## [WORK INSTRUCTION]
Once the line with "Papier d'emballage grec" is found, repeat it and all later lines exactly through the end of the listing below, with the pictures left out.

## [EXERCISE DATA]

- Opening Delimiter -

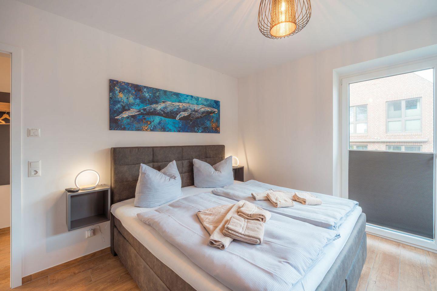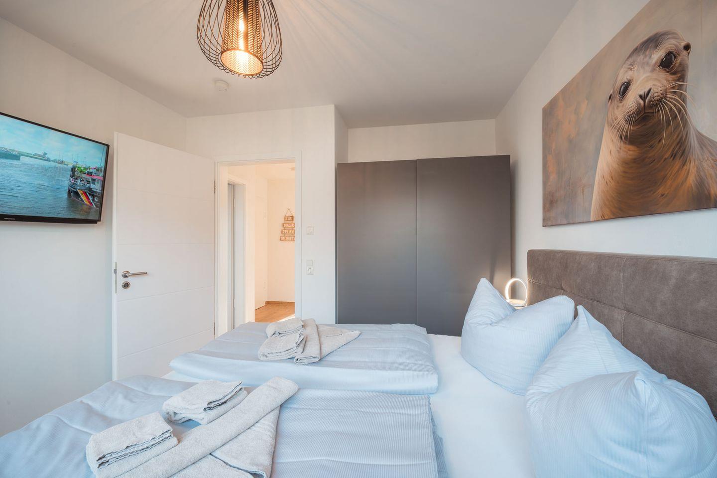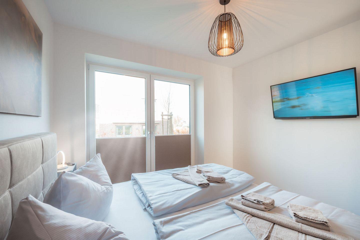 Schlafzimmer 1: Doppelbett (Maße: 180 x 200 cm- durchgängige Matratze), Nachttische, Leselampen, Kleiderschrank, Smart-TV, verdunkelnde Plissees
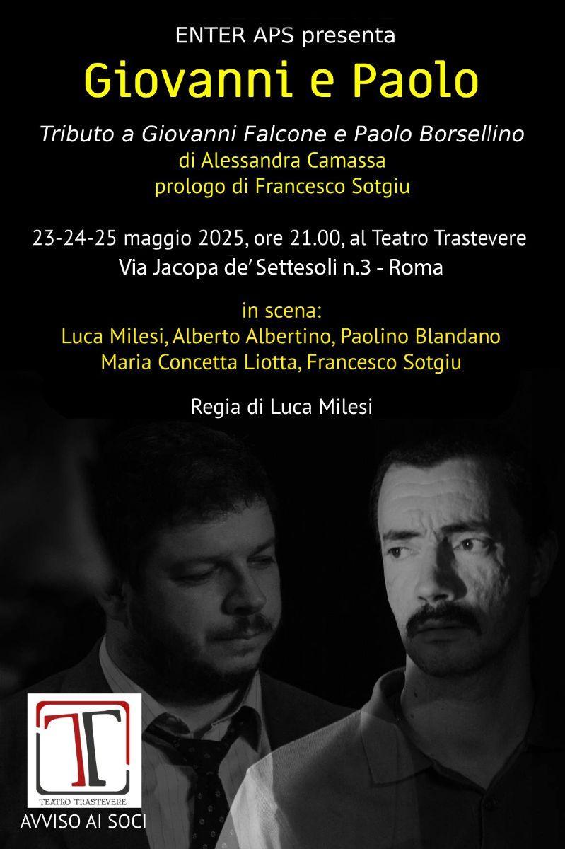 La Compagnia ENTER porta in scena per il dodicesimo anno lo spettacolo dedicato ai due magistrati siciliani rimasti uccisi insieme ai loro agenti di scorta nelle Stragi del 1992.
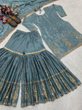 *Plazzo Fabrics* :chinon silk Heavy Embroidery Work With Fancy Borders Less Work Fully Flair.
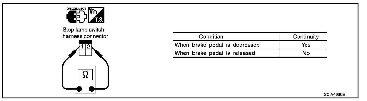 - Check continuity between stop lamp switch harness connector E124 terminals 1 and 2
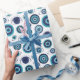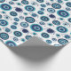 Papier d'emballage grec moderne illustré à la main en bleu et blanc méditerranéen bleu et motif pour oeil.
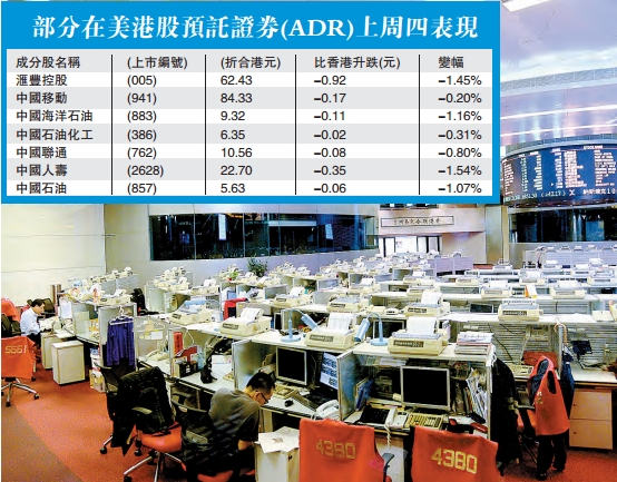 承接上周四道指下跌138點,香港主要藍籌在美上市的預託證券(ADR)普遍偏軟,汇豐控股(005)及中國人壽(2628)ADR分別較本港收市跌1.45%及1.54%,另中國海洋石油(883)及中國石油(857)ADR亦比香港收市插1.16%及1.07%。按比例計算,恒指周二料低開126點,見24135點。
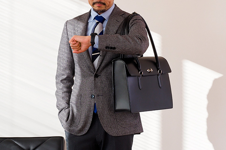 カブセのヒネリ金具が印象的な「クラシックトートバッグ A4(ヒネリ)」は無駄をそぎ落とした端正なフォルムが魅力。男性にも女性にも自信をもってお勧めしたい新作です。
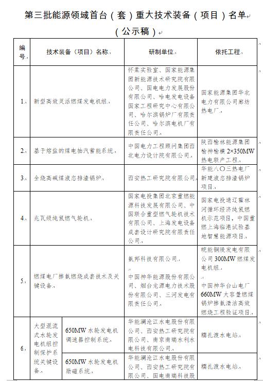 為持續(xù)推進(jìn)能源領(lǐng)域首臺(套)重大技術(shù)裝備示范應(yīng)用,加快能源重大技術(shù)裝備創(chuàng)新,切實保障關(guān)鍵技術(shù)裝備產(chǎn)業(yè)鏈供應(yīng)鏈安全,國家能源局組織了第三批能源領(lǐng)域首臺(套)重大技術(shù)裝備申報及評定工作。經(jīng)組織專家評審和復(fù)核,擬將“新型高效靈活燃煤發(fā)電機(jī)組”等58項技術(shù)裝備列入第三批能源領(lǐng)域首臺(套)重大技術(shù)裝備項目清單。公示時間:2023年7月27日至8月2日。

- Closing Delimiter -

## [EXPECTED OUTPUT]
 Papier d'emballage grec moderne illustré à la main en bleu et blanc méditerranéen bleu et motif pour oeil.
 承接上周四道指下跌138點,香港主要藍籌在美上市的預託證券(ADR)普遍偏軟,汇豐控股(005)及中國人壽(2628)ADR分別較本港收市跌1.45%及1.54%,另中國海洋石油(883)及中國石油(857)ADR亦比香港收市插1.16%及1.07%。按比例計算,恒指周二料低開126點,見24135點。
 カブセのヒネリ金具が印象的な「クラシックトートバッグ A4(ヒネリ)」は無駄をそぎ落とした端正なフォルムが魅力。男性にも女性にも自信をもってお勧めしたい新作です。
 為持續(xù)推進(jìn)能源領(lǐng)域首臺(套)重大技術(shù)裝備示范應(yīng)用,加快能源重大技術(shù)裝備創(chuàng)新,切實保障關(guān)鍵技術(shù)裝備產(chǎn)業(yè)鏈供應(yīng)鏈安全,國家能源局組織了第三批能源領(lǐng)域首臺(套)重大技術(shù)裝備申報及評定工作。經(jīng)組織專家評審和復(fù)核,擬將“新型高效靈活燃煤發(fā)電機(jī)組”等58項技術(shù)裝備列入第三批能源領(lǐng)域首臺(套)重大技術(shù)裝備項目清單。公示時間:2023年7月27日至8月2日。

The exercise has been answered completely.